The R Statistics Languageon September 20, 2008 at 6:52 pm
R (also called GNU R, or even GNU S) is the open-source version of the S Programming Language, a language which fulfills the same statistical needs as SAS and SPSS. While SAS is a macro language designed for statistics, and SPSS is a macro language designed for statistics with a very nice graphical front-end, R looks like dialects ot C, acts like a dialect of LISP, and function as nifty alternative to SPSS and SAS. As I come from a programming background, R is as beautiful in concept as Lady of tdaxp is in form.
R’s learning curve is steep.
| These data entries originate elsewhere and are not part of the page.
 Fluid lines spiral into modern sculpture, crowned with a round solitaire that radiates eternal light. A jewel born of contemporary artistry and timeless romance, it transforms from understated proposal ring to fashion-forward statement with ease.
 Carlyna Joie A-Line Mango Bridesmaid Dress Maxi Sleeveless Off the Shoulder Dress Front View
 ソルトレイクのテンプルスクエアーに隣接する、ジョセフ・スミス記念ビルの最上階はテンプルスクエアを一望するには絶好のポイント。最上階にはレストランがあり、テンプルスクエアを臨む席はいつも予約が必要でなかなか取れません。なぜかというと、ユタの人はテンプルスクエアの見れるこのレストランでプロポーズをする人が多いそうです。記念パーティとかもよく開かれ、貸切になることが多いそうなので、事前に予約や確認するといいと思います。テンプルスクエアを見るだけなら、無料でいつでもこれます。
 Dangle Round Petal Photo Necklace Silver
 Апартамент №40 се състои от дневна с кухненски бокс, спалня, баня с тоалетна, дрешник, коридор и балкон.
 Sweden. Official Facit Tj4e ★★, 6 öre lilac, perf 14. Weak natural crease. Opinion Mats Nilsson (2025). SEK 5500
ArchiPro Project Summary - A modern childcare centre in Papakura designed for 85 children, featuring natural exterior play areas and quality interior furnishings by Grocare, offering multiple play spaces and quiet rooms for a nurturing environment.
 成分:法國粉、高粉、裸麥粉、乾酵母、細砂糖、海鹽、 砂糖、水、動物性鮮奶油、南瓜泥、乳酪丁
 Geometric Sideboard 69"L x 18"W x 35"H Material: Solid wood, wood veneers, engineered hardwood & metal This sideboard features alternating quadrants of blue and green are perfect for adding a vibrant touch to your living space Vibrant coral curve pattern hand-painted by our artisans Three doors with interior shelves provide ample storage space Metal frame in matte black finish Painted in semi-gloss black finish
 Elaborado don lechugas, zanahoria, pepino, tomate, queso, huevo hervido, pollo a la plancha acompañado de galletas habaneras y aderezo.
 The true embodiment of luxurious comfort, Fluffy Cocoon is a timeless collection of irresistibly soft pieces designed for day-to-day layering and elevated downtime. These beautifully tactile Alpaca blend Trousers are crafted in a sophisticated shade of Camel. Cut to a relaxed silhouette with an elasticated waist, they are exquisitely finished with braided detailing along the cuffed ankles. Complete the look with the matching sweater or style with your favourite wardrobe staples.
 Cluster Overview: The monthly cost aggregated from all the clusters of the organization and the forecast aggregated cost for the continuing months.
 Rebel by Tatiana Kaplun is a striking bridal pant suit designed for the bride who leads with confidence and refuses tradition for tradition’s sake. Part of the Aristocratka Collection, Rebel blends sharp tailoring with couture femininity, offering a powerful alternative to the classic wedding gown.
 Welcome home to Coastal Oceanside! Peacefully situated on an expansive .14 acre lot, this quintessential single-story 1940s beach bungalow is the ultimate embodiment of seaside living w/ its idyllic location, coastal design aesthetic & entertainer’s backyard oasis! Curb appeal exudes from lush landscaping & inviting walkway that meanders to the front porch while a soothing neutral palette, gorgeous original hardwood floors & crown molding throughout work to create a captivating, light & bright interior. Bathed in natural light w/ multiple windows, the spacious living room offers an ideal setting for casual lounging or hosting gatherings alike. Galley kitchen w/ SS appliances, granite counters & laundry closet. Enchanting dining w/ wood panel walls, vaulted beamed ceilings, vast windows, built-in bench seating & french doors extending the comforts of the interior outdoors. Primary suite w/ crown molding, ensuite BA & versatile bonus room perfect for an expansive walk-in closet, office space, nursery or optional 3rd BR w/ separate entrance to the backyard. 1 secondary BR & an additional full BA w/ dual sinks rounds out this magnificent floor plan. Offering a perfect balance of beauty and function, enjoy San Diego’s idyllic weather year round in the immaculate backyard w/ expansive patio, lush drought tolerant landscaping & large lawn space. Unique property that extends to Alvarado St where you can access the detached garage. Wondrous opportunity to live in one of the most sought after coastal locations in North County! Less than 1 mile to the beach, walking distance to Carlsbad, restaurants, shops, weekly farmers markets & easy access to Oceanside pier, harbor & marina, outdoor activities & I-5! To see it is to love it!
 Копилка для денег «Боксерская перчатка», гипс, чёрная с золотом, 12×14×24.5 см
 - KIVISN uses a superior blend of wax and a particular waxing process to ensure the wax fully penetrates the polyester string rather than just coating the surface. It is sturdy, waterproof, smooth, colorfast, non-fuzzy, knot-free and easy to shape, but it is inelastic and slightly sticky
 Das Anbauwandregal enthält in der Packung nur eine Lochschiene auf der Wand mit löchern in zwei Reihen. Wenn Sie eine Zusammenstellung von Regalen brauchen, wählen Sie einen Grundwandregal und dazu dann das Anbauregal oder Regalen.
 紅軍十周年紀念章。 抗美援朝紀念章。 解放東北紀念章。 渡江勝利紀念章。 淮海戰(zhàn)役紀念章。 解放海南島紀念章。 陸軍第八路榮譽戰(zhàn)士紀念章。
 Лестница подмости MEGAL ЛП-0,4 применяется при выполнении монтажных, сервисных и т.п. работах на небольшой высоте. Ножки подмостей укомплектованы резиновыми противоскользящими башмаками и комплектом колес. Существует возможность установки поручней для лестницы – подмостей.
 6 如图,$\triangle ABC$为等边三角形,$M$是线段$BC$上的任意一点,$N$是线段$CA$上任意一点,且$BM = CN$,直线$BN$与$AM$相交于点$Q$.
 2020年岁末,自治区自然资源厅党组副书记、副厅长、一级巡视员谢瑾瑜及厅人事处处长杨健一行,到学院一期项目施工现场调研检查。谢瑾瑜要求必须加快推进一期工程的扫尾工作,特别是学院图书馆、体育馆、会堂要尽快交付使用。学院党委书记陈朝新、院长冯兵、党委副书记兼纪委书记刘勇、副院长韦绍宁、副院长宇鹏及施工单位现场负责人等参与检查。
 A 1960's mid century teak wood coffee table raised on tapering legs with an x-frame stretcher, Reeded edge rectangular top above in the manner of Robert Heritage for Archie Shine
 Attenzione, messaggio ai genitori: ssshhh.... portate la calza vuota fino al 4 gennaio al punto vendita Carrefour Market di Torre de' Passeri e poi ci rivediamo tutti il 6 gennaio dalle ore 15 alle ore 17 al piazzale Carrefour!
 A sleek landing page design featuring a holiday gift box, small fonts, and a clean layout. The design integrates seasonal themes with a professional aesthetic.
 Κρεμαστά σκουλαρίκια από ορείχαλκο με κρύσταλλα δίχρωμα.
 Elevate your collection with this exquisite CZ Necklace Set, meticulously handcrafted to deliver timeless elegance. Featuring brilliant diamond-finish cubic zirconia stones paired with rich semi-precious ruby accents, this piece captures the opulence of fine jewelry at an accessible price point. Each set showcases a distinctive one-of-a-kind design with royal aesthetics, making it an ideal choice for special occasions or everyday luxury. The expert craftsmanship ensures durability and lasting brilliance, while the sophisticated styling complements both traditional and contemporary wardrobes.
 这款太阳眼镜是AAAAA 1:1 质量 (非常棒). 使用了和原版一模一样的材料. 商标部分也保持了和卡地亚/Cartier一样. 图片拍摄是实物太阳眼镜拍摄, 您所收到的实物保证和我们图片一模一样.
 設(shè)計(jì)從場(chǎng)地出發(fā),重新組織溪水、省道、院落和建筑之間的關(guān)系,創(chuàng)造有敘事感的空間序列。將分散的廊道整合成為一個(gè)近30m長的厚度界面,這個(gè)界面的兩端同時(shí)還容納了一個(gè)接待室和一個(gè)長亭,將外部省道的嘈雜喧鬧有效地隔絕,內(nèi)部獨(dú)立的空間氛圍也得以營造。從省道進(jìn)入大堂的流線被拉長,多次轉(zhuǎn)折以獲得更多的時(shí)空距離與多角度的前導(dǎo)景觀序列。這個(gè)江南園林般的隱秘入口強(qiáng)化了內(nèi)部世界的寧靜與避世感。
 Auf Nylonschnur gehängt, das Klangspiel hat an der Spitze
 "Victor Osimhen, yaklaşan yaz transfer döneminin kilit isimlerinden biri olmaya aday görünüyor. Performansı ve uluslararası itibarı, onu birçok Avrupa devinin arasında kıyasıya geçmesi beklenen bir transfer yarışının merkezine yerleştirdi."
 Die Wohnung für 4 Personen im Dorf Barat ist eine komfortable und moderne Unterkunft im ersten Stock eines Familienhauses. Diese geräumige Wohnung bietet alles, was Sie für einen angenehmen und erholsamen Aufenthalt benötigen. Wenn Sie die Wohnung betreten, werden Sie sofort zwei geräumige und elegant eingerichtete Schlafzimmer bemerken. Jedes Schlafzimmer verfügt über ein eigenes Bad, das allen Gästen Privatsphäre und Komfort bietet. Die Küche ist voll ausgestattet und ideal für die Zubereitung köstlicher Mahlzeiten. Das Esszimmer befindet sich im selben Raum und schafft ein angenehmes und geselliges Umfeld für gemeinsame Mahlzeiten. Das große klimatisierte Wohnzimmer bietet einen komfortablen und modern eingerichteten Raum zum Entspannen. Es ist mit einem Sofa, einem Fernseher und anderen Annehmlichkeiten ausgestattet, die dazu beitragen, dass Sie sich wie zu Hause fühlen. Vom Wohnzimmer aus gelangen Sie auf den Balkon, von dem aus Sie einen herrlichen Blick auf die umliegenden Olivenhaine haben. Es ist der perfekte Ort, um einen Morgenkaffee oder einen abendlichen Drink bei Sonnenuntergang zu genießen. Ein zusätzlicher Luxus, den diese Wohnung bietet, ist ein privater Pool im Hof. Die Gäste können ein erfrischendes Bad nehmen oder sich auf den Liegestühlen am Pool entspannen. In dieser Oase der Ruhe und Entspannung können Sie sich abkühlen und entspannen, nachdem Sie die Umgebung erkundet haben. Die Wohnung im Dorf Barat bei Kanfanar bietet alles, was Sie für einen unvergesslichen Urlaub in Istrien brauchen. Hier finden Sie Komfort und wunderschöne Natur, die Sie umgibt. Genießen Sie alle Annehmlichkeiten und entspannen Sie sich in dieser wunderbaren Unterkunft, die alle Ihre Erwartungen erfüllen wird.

If perl tries to make ‘impossible things hard and hard things easy,’ then R’s philosophy seems to be ‘make hard things easy and easy things hard.’ Some procedures that are complex and tedious in SPSS and R, such as taking the inverse of a matrix by the loadings of its correlation matrix as determined bya one-factor Principal Component Analysis, or PCA (in that case, it would be solve(ad.data.cor) %*% as.matrix(principal(ad.data.cor,nfactor=1)$loadings). Other tasks are requirer a deepper understanding of the material, however. For example, in SPSS creating a ‘Component Score Coefficient Matrix’ after a PCA is as simple as ticking a check box, or adding a simple request in the macro code. In R, you need to realize that the Component Score Coefficient Matrix is actually just the inverse of a matrix multiplied by the loadings of the matrix after running it through PCA: so you’d enter the line solve(ad.data.cor) %*% as.matrix(principal(ad.data.cor,nfactor=1)$loadings).
By far the coolest part of R and PCA is learning what unknown unknowns you forgot to solve for. For instance, a bundle of seemingly meaningless data can be examined through a ‘scree plot,’ to see which things you forgot to measure for (‘latent variables’) mattered, and which did not.
Unknown Unknowns? That’s the R